In extreme cases, an intrusive R can follow a reduced schwa, such as in the example if you hafta[r], I’ll help and in the following examples taken from the native speech of English speakers from Eastern Massachusetts: I’m gonna[r]ask Adrian, t[ər]add to his troubles, a lotta[r]apples and the[r]apples. A related phenomenon involves the dropping of a consonant at the juncture of two words and the insertion of an r in its place. Sometimes this occurs in conjunction with the reduction of the final vowel in the first word to a schwa: examples of this are He shoulda[r]eaten.

Other recognizable examples are the Beatles singing: "I saw-r-a film today, oh boy" in the song "A Day in the Life", from their 1967 album Sgt.
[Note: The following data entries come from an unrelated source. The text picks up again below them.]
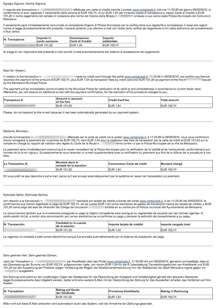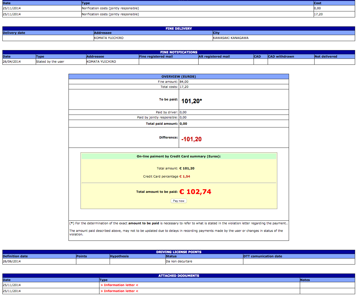 まあ違反は違反だからしぶしぶ支払い手続きを。これは全く問題なくできました。スペインとは違って英語版もあるので、簡単にできました。
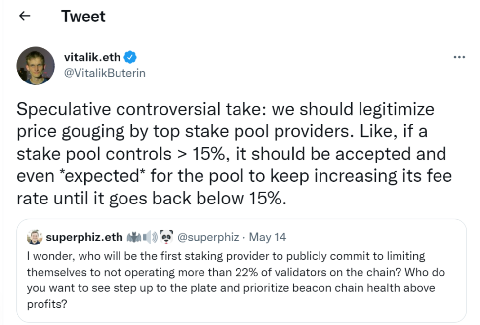 这是一个可能有争议性的观点:我们应该允许头部质押池提供商哄抬价格。比如,如果一个质押池控制了超过15%的质押者,该质押池一直提高它的费用率直到它的占比下跌到低于 15%,这种做法应该是可以被接受,甚至被预期的。
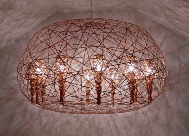 Überraschen Sie Ihre Freunde und Gäste mit einem modernen Kronleuchter, bei dem die Lichter nicht an einem zentralen Metallrahmen befestigt sind, sondern in einer größeren transparenten Kugel zu schweben scheinen. Wie bleiben die Lampenschirme aufrecht, wenn sie mit nur wenigen Bändern mit der Kugel verbunden sind? Wo sind die elektrischen Drähte, die die Glühbirnen speisen? Wie kann ein so leichter Kronleuchter von nur 2,90 kg seine Form behalten? Die Antwort liegt in den innovativen Handwerkstechniken, mit denen das Hightech-Material Kohlefaser beherrscht wird.
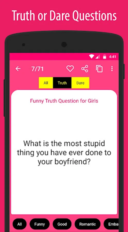 Truth Dare Questions mobile app is developed especially for providing interesting questions for playing truth or dare game. We have collected more than 800 truths and dares which you can use to make your game interesting.

Pepper's Lonely Hearts Club Band; in the song "Champagne Supernova" by Oasis: "supernova-r-in the sky"; in the song "Scenes from an Italian Restaurant" by Billy Joel: "Brenda-r-and Eddie"; in the phrases, "law-r-and order" and "Victoria-r-and Albert Museum", and even in the name "Maya-r-Angelou". This is now common enough in parts of England that, by 1997, the linguist John C. Wells considered it objectively part of Received Pronunciation, though he noted that "the speech conscious often dislike it and disapprove of it". It is or was stigmatised as an incorrect pronunciation in some other standardized non-rhotic accents, too. Wells writes that at least in RP, "linking //r// and intrusive //r// are distinct only historically and orthographically".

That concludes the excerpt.